Image Transfer Grade: A-

 

Audio Transfer

 LanguageRemote Access
Dolby Digital
5.1
English, French (Dolby Surround)yes


Audio Transfer Review: Since the soundtrack is of the hip-hop genre, I expected a constant 5.1 assault to the senses. But aside from the music, this is a pretty subdued mix, although there are nice ambient touches every once in a while (like the nice thunderstorm effects on chapter 21). Fans of this style of music won't be disappointed; good low bass that's not overbearing and a great "you are there" presence to the dance-off sequences should please.

Audio Transfer Grade: B+

 

Disc Extras

Full Motion menu with music
Scene Access with 28 cues and remote access
Subtitles/Captions in English, French with remote access
1 Original Trailer(s)
5 Other Trailer(s) featuring Hellboy, 13 Going On 30, Breakin' All The Rules, 50 First Dates, S.W.A.T.
2 Feature/Episode commentaries by Track One: Video and Audio Commentary with Cast + Crew
Track Two: Director Christopher B. Stokes and Cast Commentary
Packaging: Keep Case
Picture Disc
1 Disc
1-Sided disc(s)
Layers: dual
Layers Switch: 00h:57m:59s

Extra Extras:
  1. Serve It Up: The Making of You Got Served
  2. B2K Badaboom Music Video
  3. Battle of the Beat Clip Compilation
  4. Dance Breakdown: Interactive Multi-Angle Featurette
Extras Review: In addition to the nice a/v credentials, I must say that those who enjoyed being Served will be overjoyed at a fairly large group of extras. For many, the highlight will be the group audio commentary featuring many of the principals (including Stokes, Jones, Ivan Velez, and many of the dancers) whooping it up in a party-like atmosphere (complete with pizza). Actually, I liked this more than the film itself, especially the good-natured jabs some of the participants hurl every so often. Additionally, in the vein of Columbia's Jerry Maguire: Special Edition of a couple of years back, this track also gives us a peek (although not continuously) at the assemblage as they're being recorded (I've never seen so many open mikes since an Osmond family reunion concert). For those seeking a quieter alternative, there's an additional (audio-only) track that gathers Omarion, Houston, and the director.

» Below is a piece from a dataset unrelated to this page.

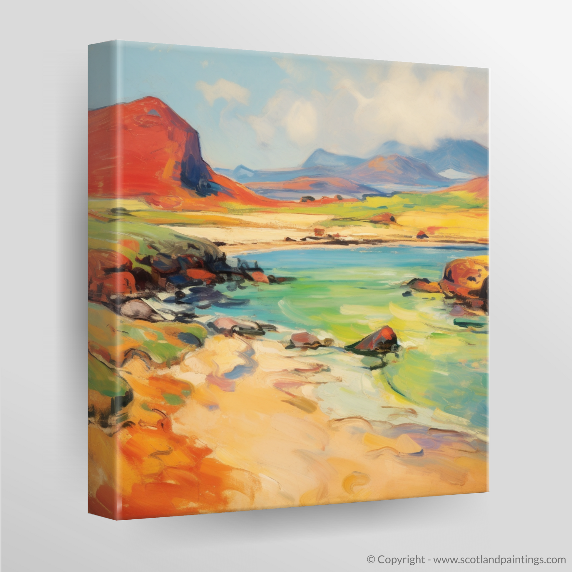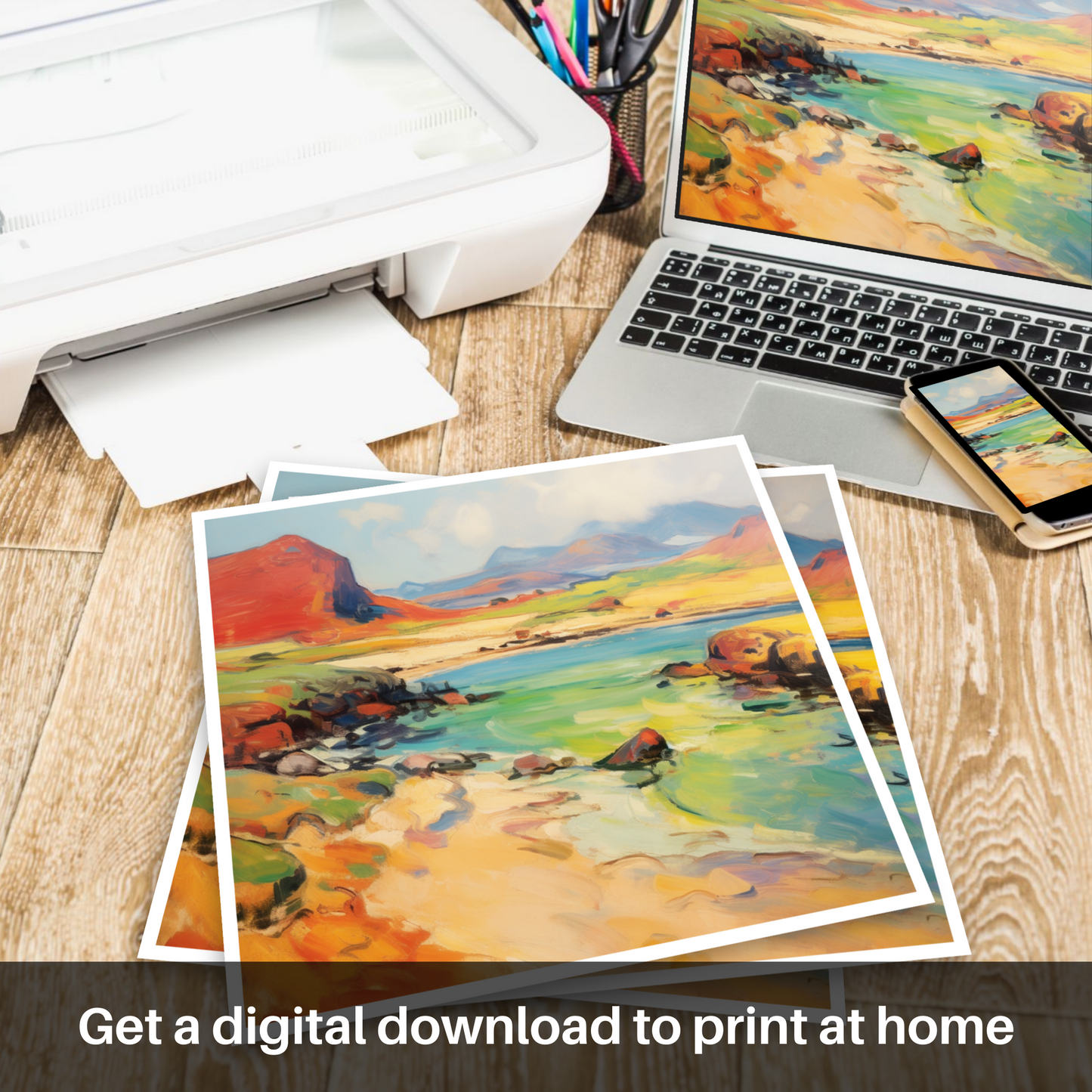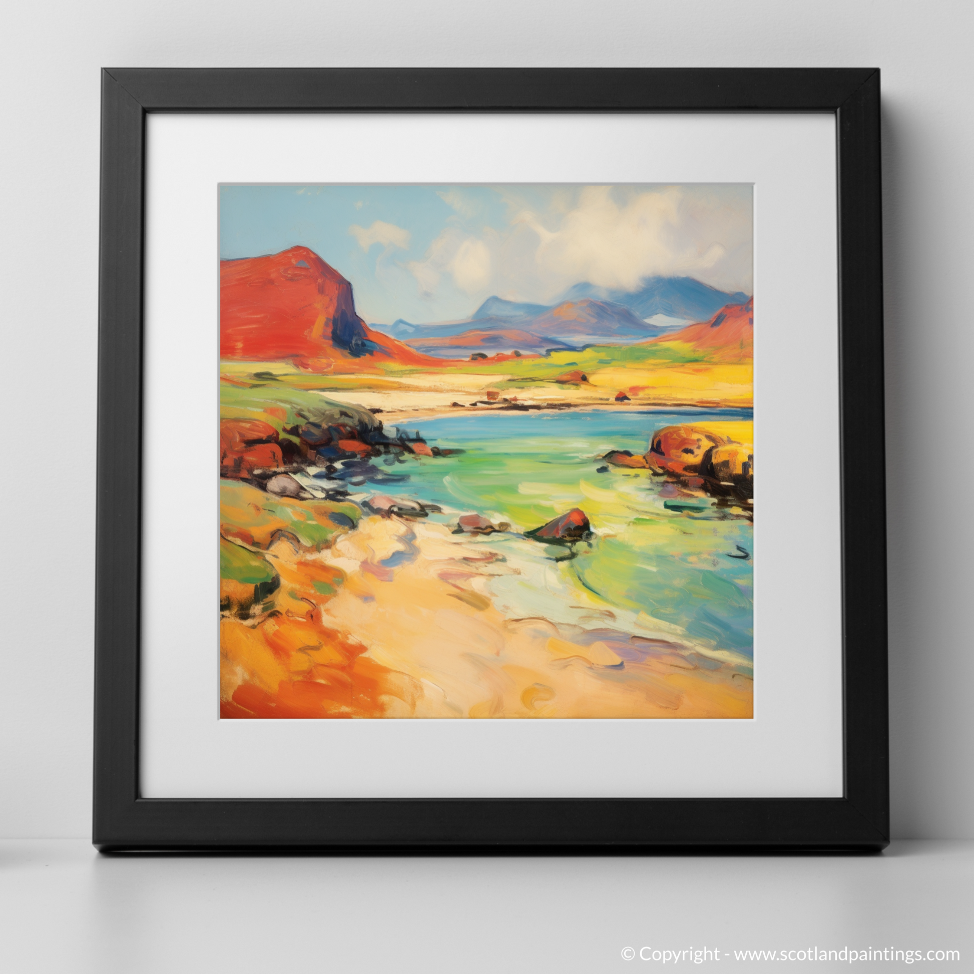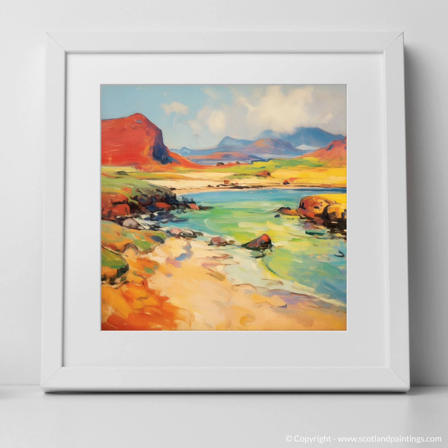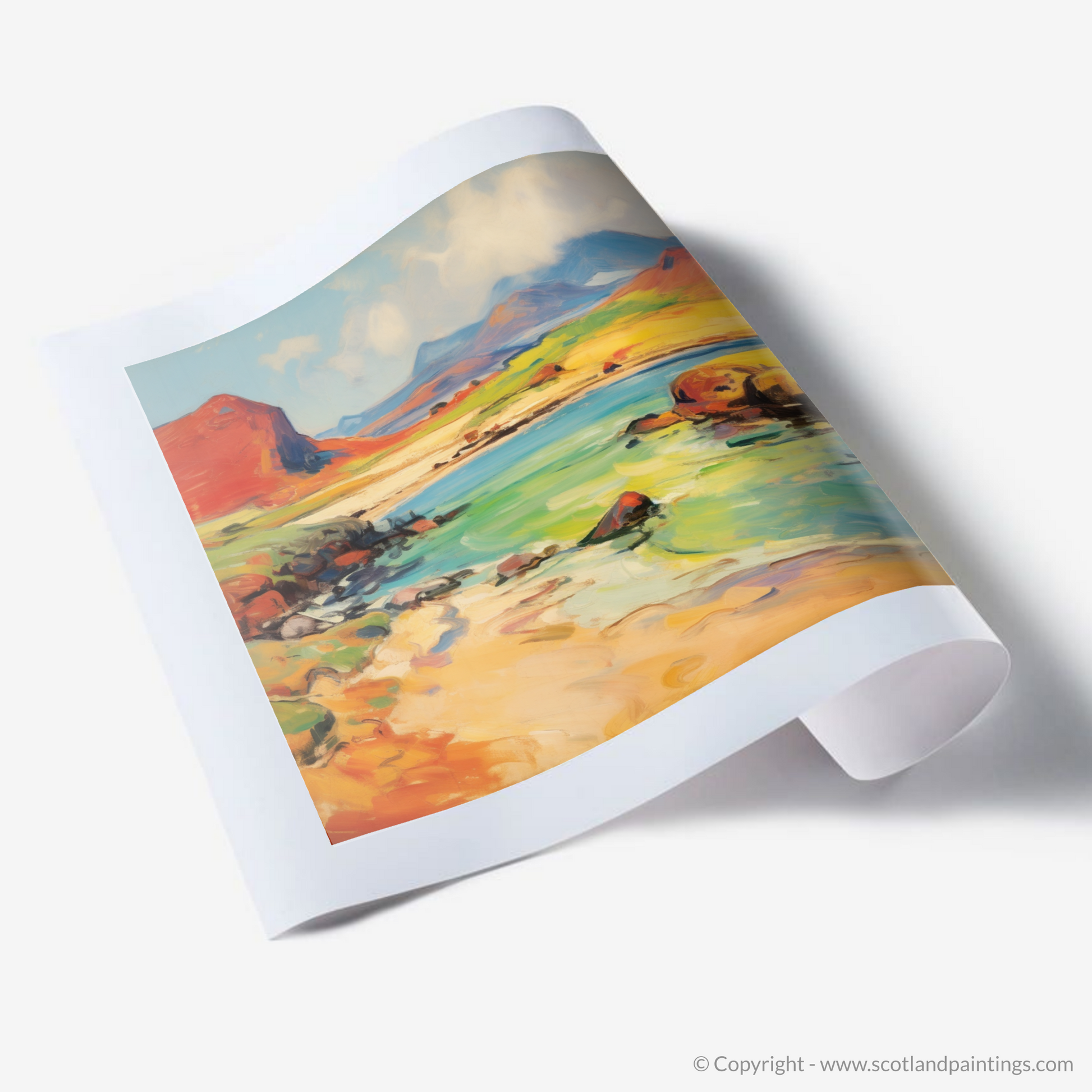 Immerse yourself in the vibrant embrace of golden hour at Mellon Udrigle Beach, masterfully captured in this illustrious print that celebrates the wild and emotive spirit of the Scottish coast. The energetic brushstrokes and bold, expressive colours are reminiscent of Fauvist masters, conveying a vivid landscape alive with the untamed essence of Scotland's natural beauty.

Among other inclusions: a generic music video from the now defunct B2K (Badaboom) with an unadvertised plug for the soundtrack album at the end; a Battle of the Beat clip reel that montages the dance-offs in one handy 4-minute package; a 25-minute behind-the-scenes feature and a multi-angle presentation of the opening dance number, which, viewed individually, shows just how clumsily staged and crammed the participants were (but I don't want to beat a dead horse here, so I'll stop).

Extras Grade: C+

 

Final Comments

A better and more apt title for this movie? How about You Got Punked? But I'll bet you won't be laughing once this movie erases 94 minutes of your time. Unless you're an obsessive street dancing buff who has to have every head-spinning move digitally preserved, I suggest you pass on You Got Served and rent the Breakin' flicks instead.